Question

The inequality \(x^{4}+1<-5\) has no solution. Explain why.

Short answer

The inequality has no solution because the left side is always greater than or equal to 1, which is never less than -5.

Step-by-step solution

- Recognize the inequality

The given inequality is \(x^{4} + 1 < -5\).

- Understand the mathematical properties

Recall that any number raised to the fourth power, \(x^{4}\), will always be non-negative (≥ 0).

- Analyze the inequality with non-negative values

Since \(x^{4} \geq 0\), the smallest value \(x^{4} + 1\) can take is 1 (when \(x=0\)).
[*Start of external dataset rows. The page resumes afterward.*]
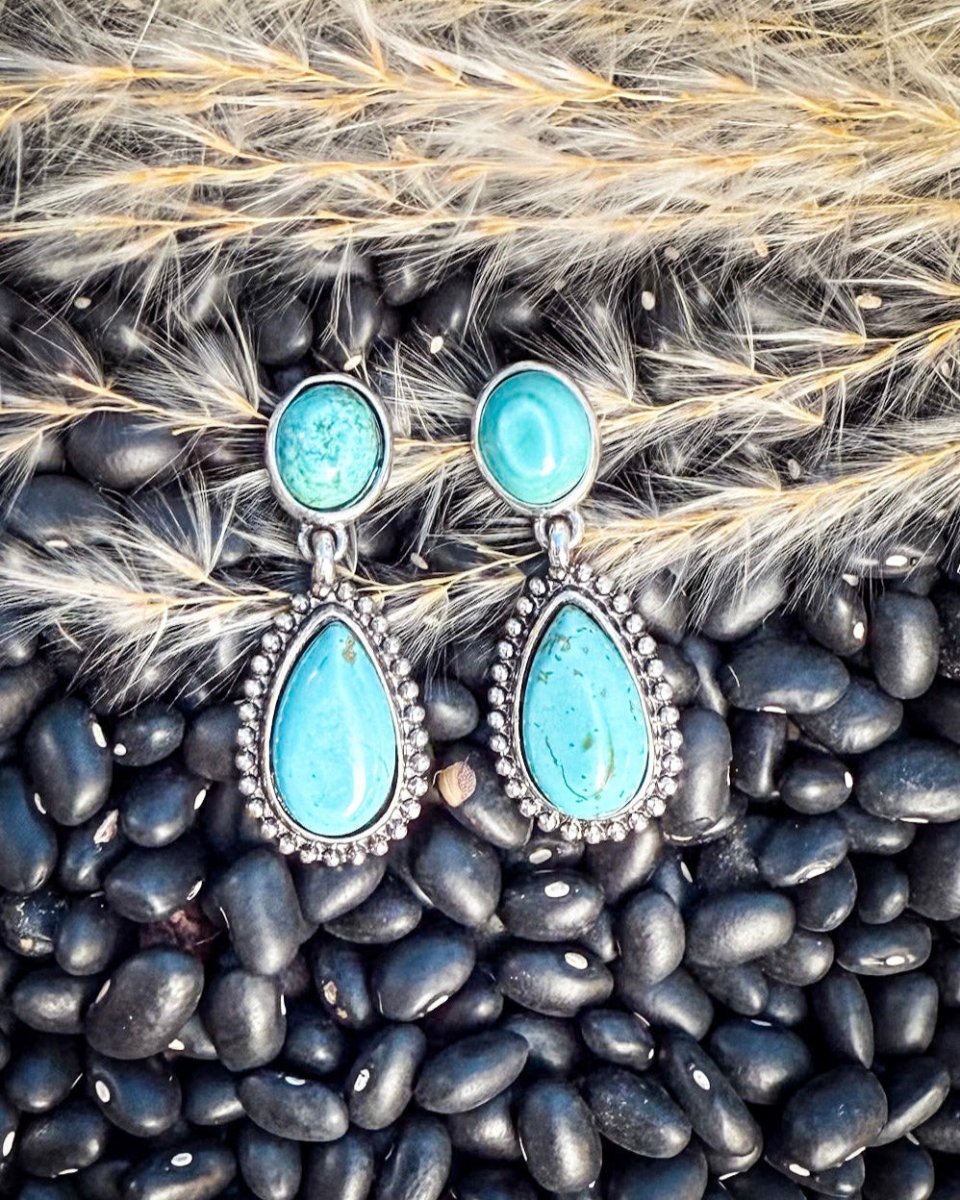 Designed with a round post top and a classic teardrop dangle, these earrings strike a perfect balance between boho spirit and Western glam. The faux turquoise stones feature natural marbling and unique coloring, giving them the look of authentic gemstones without the hefty price tag. A silver-tone beaded frame adds vintage character and texture, enhancing the natural stone's bold hue.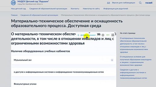 Особенности редактирования раздела Мат-техническое обеспечение на сайте Госвеб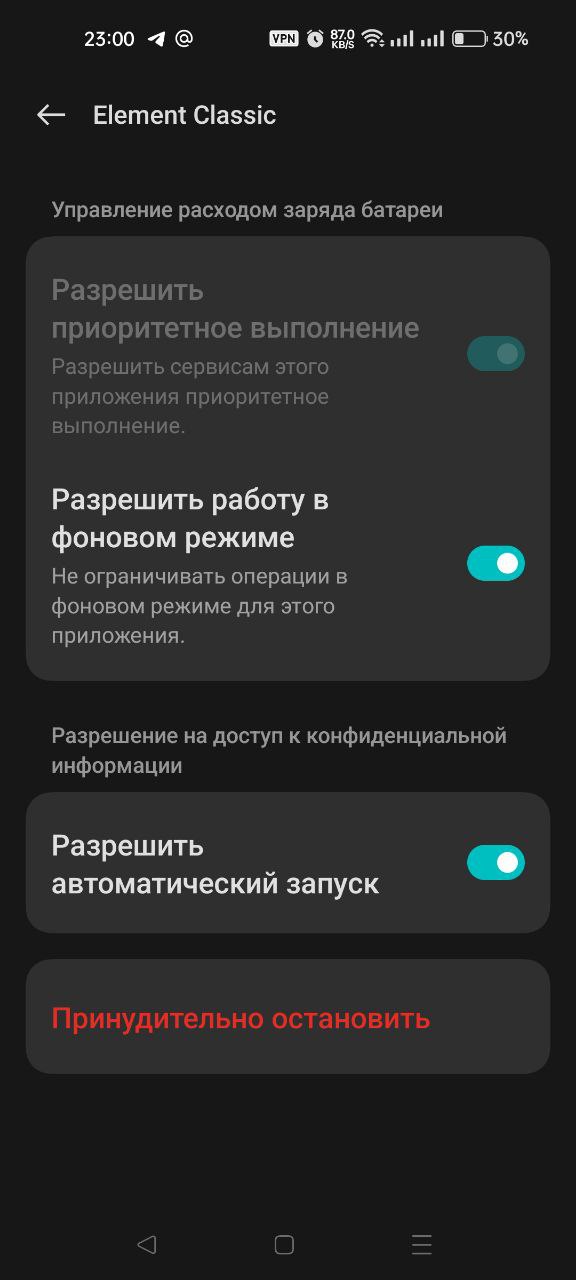 Тут не могу подсказать. Обычно причина в самой оболочке. У меня нет Realme, чтобы посмотреть и проверить. Но я на OP тоже долго бадался с уведомлениями. Искал форумы именно по OP и Element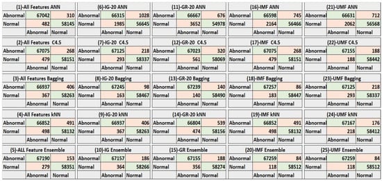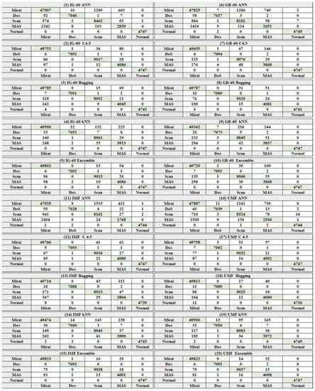 In phase 2A in Figure 1, we demonstrate feature selection via IG, GR, and filter-based ranking methods. The output of phase 2A is the extraction of two sets of features: top 60 and top 20. These two feature sets are generated independently, i.e., feature ranking from the top 60 is not carried over to the top 20. In phase 2B in Figure 1, we demonstrate the hybrid approach by implementing the intersection and union set theory rules. These rules are labeled IMF and UMF, respectively, for the intersection and union operations. The IMF and UMF rules are described by Equations (5)–(8). The hybrid approach is a manual process to produce IMF and UMF approaches (11 and 28 features from the IoTID20 dataset, and 15 and 25 features from the NSL-KDD dataset) from the top 20 ranked feature set produced by Phase 2A. Phases 2A and 2B together produce six different feature selection sets, which are: top 60 (via IG), top 60 (via GR), top 20 (via IG), top 20 (via GR), 11 IMF and 28 UMF. Due to the use of both traditional and hybrid feature selection approaches, we can, to increase the efficiency of our feature selection process, reduce the computational costs of the learning process (i.e., training and testing workflows). Corresponding features for each of the six feature sets are listed in Table 2. Also, Table 3 shows the results of ranking features from the NSL-KDD dataset.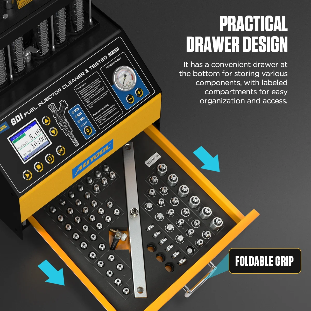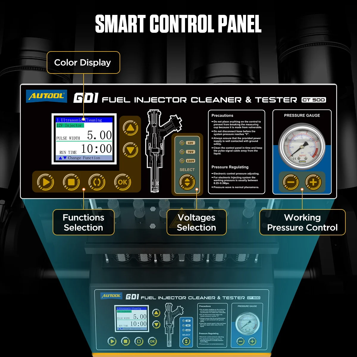 In view of the increasing maturity and use of the Gasoline direct injection, AUTOOL has released the CT500 GDI Injector Cleaner and Tester machine in 2023. Gasoline direct injection is a technology that injects fuel directly into the cylinder and mixes it with the intake air. Compared to conventional injectors, the use of GDI can help improve engine efficiency and specific power output as well as reduce exhaust emissions. CT500 not only supports GDI, EFI, FSI and other types of fuel injectors, but also compatible with common standard fuel injectors. The CT500 is available in three voltages to drive the GDI injectors, 12V, 70V and 120V, which basically covers the injectors of the majority vehicle brands in Europe, America and Asia.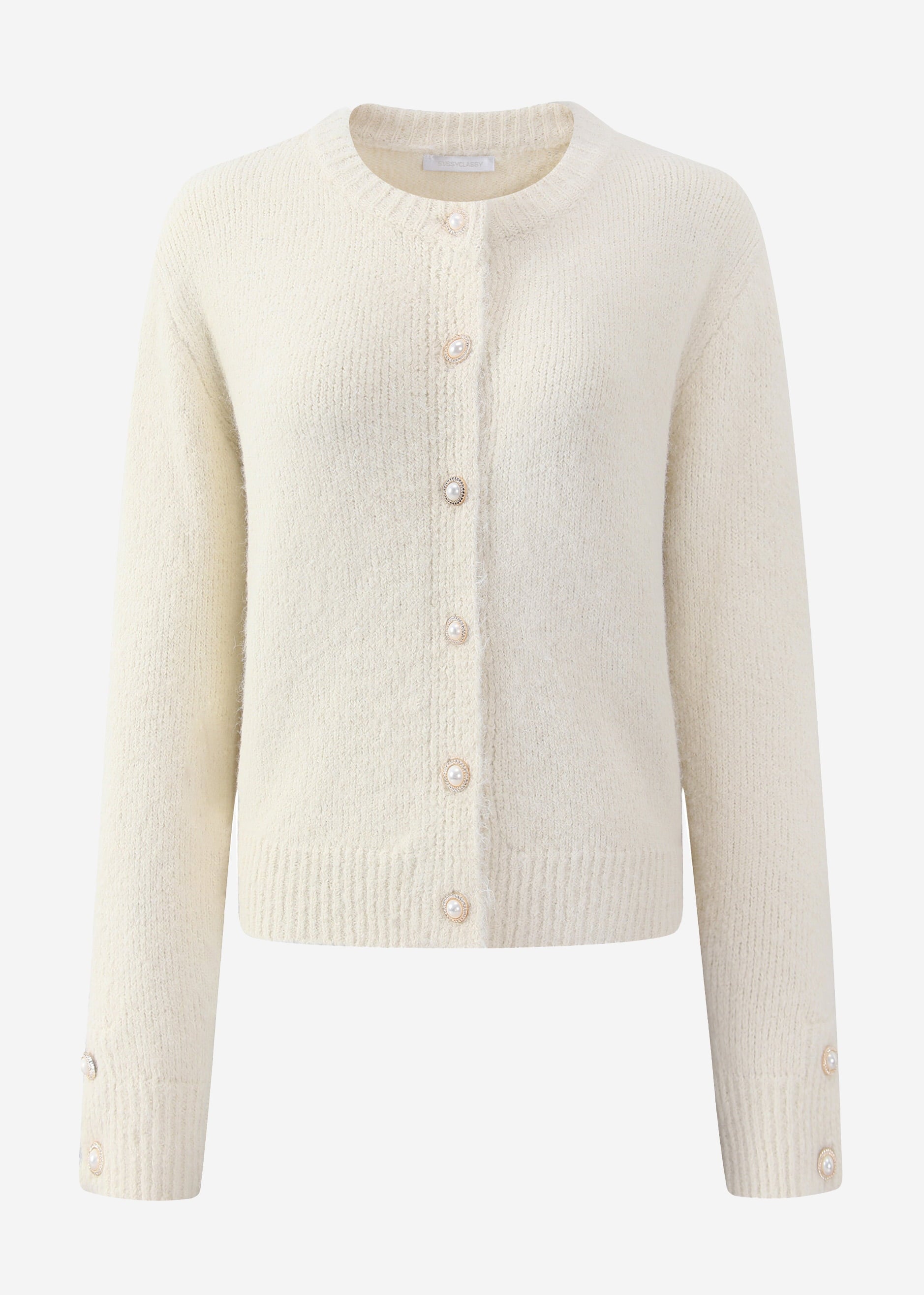 Dieser leicht locker geschnittene Cardigan verbindet lässigen Tragekomfort mit eleganten Akzenten. Er ist aus weichem, flauschigem Strick gefertigt und bietet ein angenehmes Gefühl auf der Haut sowie eine entspannte Silhouette. Die edlen Perlenknöpfe an den Manschetten und entlang der Vorderseite sind ein besonderer Blickfang und verleihen dem Design eine luxuriöse Note. Dank seines klassischen Rundhalsausschnitts und seiner vielseitigen Kombinierbarkeit ist er sowohl für den Alltag als auch für besondere Anlässe die perfekte Wahl.

Therefore, \(x^{4} + 1\) is always greater than or equal to 1.

- Compare with the given inequality

The inequality \(x^{4} + 1 < -5\) suggests that \(x^{4} + 1\) should be less than -5. However, as established in Step 3, the smallest value of \(x^{4} + 1\) is 1, which is always greater than -5.

- Conclude there is no solution

Since \(x^{4} + 1\) can never be less than -5, the inequality \(x^{4} + 1 < -5\) has no solution.

Key concepts

non-negative values

When solving polynomial inequalities, understanding non-negative values is crucial. Here, we focus on the expression involving monomials raised to a power. Specifically, in the inequality you are dealing with, \(x^{4} + 1 < -5\), it's important to acknowledge a key concept: any even power of a real number is non-negative.
For instance, \(x^{4}\) signifies that no matter what value x assumes, whether positive, negative, or zero, \(x^{4}\) will always result in a value greater than or equal to 0. Considering this critical point, the minimum value \[x^{4}\] can take is 0. So, the smallest value of \(x^{4} + 1\) must be 1. This understanding simplifies resolving inequalities since you can infer that certain expressions involving \[x^{4}\] will always be non-negative.

inequality analysis

Analyzing inequalities often involves comparing the expressions to fixed values. In the given inequality \(x^{4} + 1 < -5\), it’s helpful to break it down by comparing the terms on the left-hand side with the value on the right-hand side. To see why there's no solution, follow a step-by-step examination:
Start by acknowledging that \(x^{4} + 1\) cannot be less than -5 because \(x^{4} \) is always non-negative. Understanding the bounds for polynomial expressions allows us to confidently determine that \(x^{4} + 1 \) is always at least 1. In a mathematically unrealistic situation wherein the expression on the left must be less than -5, it directly implies there's no value of \(x\) that makes the inequality true.
Thus, comparing the theoretical minimum values reveals inconsistencies, making it clear that the inequality has no solution.

polynomials

Polynomials are algebraic expressions consisting of variables and coefficients that are related by operations of addition, subtraction, and multiplication. The polynomial of interest in our context is \(x^{4} + 1\). Understanding the behavior of polynomial terms, especially higher-degree terms like x raised to the fourth power, is fundamental.
When dealing with polynomials, recognizing the nature and degree can help predict their properties. A polynomial’s degree impacts its shape and range significantly. Here, \(x^{4}\) as an even-powered term ensures non-negative values, guiding us on how expressions involving such terms behave. Therefore, realizing that the smallest term in a polynomial including \(x^{4}+1\) is always 1 when \(x=0\), shows the polynomial cannot yield values small enough to satisfy \(x^{4} + 1 < -5\).
Polynomials' properties provide essential insights when solving related inequalities and interpreting the feasibility of obtaining solutions.